INFORMATION SHOWN
======
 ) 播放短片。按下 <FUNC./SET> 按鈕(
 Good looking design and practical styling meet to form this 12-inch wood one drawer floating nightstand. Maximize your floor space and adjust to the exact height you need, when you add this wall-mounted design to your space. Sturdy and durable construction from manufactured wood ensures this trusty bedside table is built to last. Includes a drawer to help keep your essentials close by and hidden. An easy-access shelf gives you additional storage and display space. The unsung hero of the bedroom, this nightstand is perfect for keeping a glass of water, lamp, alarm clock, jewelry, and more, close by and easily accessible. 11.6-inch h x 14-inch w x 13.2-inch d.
======
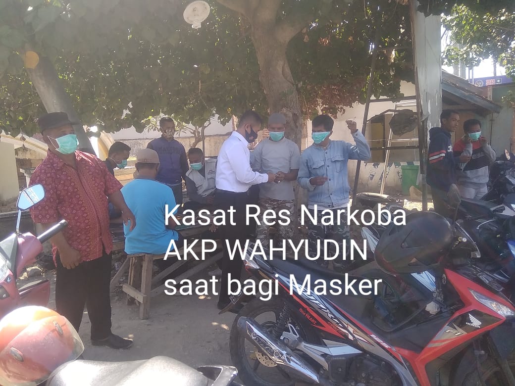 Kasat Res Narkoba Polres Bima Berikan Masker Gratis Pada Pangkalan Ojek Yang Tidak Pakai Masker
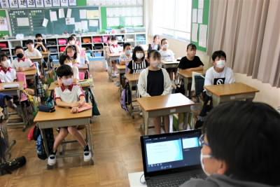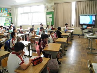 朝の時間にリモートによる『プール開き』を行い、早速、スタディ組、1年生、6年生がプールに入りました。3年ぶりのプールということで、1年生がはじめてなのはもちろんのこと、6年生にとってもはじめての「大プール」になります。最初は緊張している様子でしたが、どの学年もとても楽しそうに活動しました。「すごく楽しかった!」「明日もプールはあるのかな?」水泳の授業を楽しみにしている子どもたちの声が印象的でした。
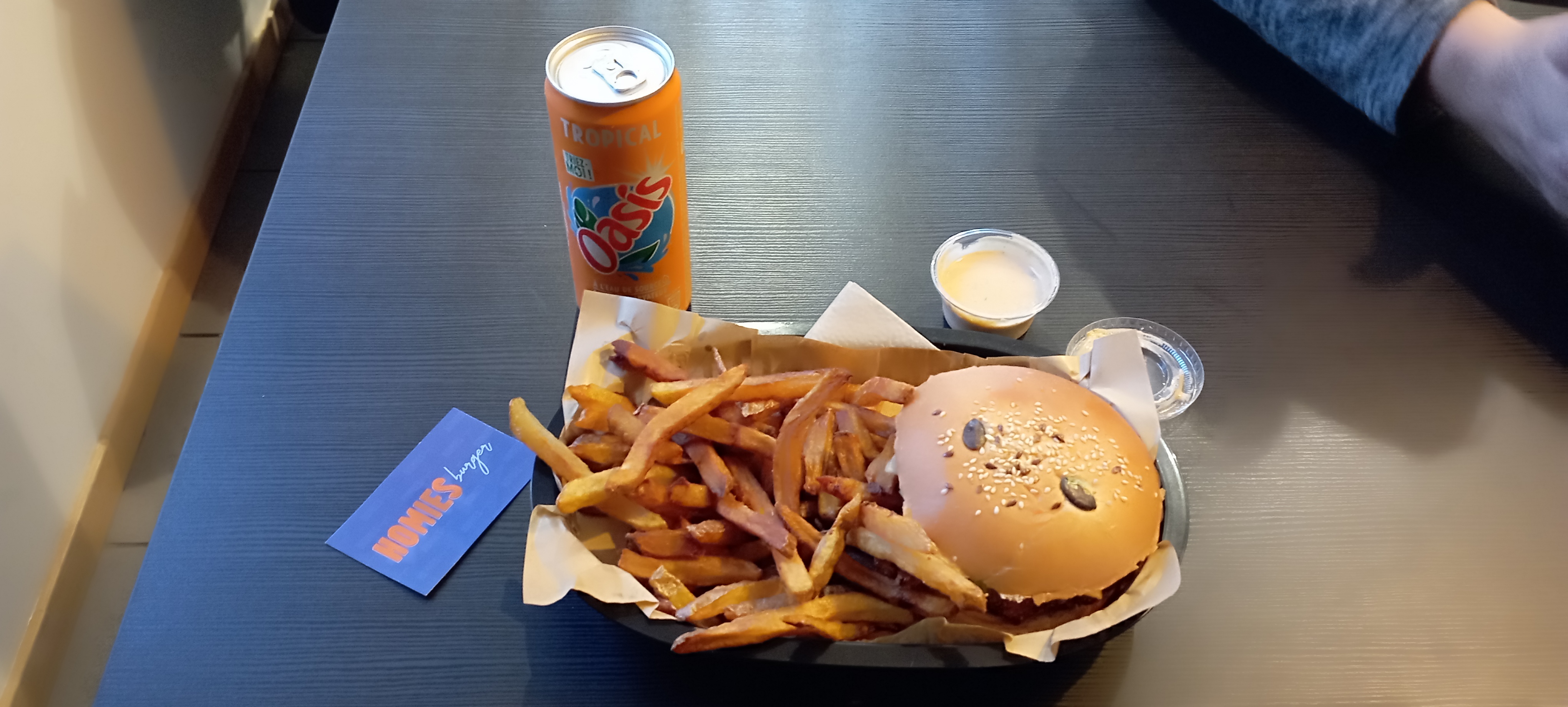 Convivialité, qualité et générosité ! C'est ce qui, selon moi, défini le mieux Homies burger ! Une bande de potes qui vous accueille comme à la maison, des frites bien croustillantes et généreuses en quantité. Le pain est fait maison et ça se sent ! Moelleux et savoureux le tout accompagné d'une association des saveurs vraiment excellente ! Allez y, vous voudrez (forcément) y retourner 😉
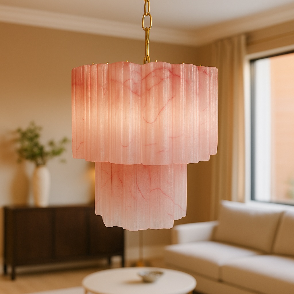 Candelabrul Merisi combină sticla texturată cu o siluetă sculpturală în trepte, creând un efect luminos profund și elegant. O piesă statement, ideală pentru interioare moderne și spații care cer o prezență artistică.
======
WORK INSTRUCTIONS
Give back the exact lines above, running from the one that has "Kasat Res Narkoba" through the one that has "Convivialité, qualité et", with nothing added and no pictures.

SOLVED EXERCISE
 Kasat Res Narkoba Polres Bima Berikan Masker Gratis Pada Pangkalan Ojek Yang Tidak Pakai Masker
 朝の時間にリモートによる『プール開き』を行い、早速、スタディ組、1年生、6年生がプールに入りました。3年ぶりのプールということで、1年生がはじめてなのはもちろんのこと、6年生にとってもはじめての「大プール」になります。最初は緊張している様子でしたが、どの学年もとても楽しそうに活動しました。「すごく楽しかった!」「明日もプールはあるのかな?」水泳の授業を楽しみにしている子どもたちの声が印象的でした。
 Convivialité, qualité et générosité ! C'est ce qui, selon moi, défini le mieux Homies burger ! Une bande de potes qui vous accueille comme à la maison, des frites bien croustillantes et généreuses en quantité. Le pain est fait maison et ça se sent ! Moelleux et savoureux le tout accompagné d'une association des saveurs vraiment excellente ! Allez y, vous voudrez (forcément) y retourner 😉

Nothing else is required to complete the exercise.